Мы собрали удочки, намяли для наживки черный хлеб, взяли с собой бутылку воды и зашагали под липами к реке.

– Дим, я тебя предупреждаю: если наловим много рыбы, отнесем ее Максимычу. Он нам сварит ухи и еще целую сковороду рыбы нажарит.

Главное здесь не уха и не жаренка, а главное здесь – «нам»!

Утро вообще-то уже близилось к полудню. Солнце пекло будь здоров, на небе – ни облачка, на земле – ни ветерка.

– Не будет клева, – сказал я. – Жарко.

– Вот и хорошо, – откликнулся Алешка. – Рыбе там в такую жару скучно, делать ничего не хочется, она и думает: поклевать, что ли? От нечего делать.

Я хотел что-нибудь возразить, но мне было лень. Как рыбе. Даже клевать ничего не хотелось.

Мы спустились к реке, выбрали местечко, где у самого берега собрались на тусовку реденькие кустики, и сначала стоя забросили удочки. Постояли.
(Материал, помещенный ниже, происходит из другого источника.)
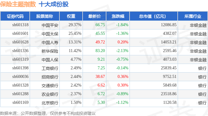 证券之星消息,1月30日,保险主题(399809)指数报收于2754.67点,跌1.21%,成交366.74亿元,换手率0.26%。当日该指数成份股中,上涨的有3家,招商银行以0.36%的涨幅领涨,下跌的有14家,中粮资本以2.66%的跌幅领跌。

Полюбовались на замершие поплавки. Они только медленно сплавлялись вдоль берега по течению. Не шевелясь. Потом мы присели, воткнули удилища в песок.

– Попьем, что ли, водички? – спросил Алешка. – А то скучновато. – Он отвинтил пробку, сделал глоток. – Дим, тебе не кажется, что мы здесь не одни?

– Одни, Леш, – сонно кивнул я. – Даже рыба от нас отвернулась.

– А это что? – и Лешка показал на недалекий куст, из которого торчало над рекой длинное ореховое удилище. – Там тоже кто-то спит. Пойдем посмотрим.

Делать все равно нечего. Я перебросил наживку, снова укрепил удилище в песке, и мы пошли к соседнему кусту.

Под этим кустом спал Максимыч. Он очень интересно спал. Удобно прислонясь к стволу небольшой березки. Рядом с ним стояло ведро. Максимыч легонько похрапывал. А мы на него смотрели. Вдруг он резко подсек, выдернул из реки серебристую рыбку, бросил ее в ведро, осмотрел наживку, закинул удочку и снова уютно захрапел, уронив голову на свой круглый живот.

– Во дает! – сказал Алешка. – Рыбалка во сне. Надо попробовать.

– Не надо, – сказал Максимыч, не открывая глаз. – У вас не получится.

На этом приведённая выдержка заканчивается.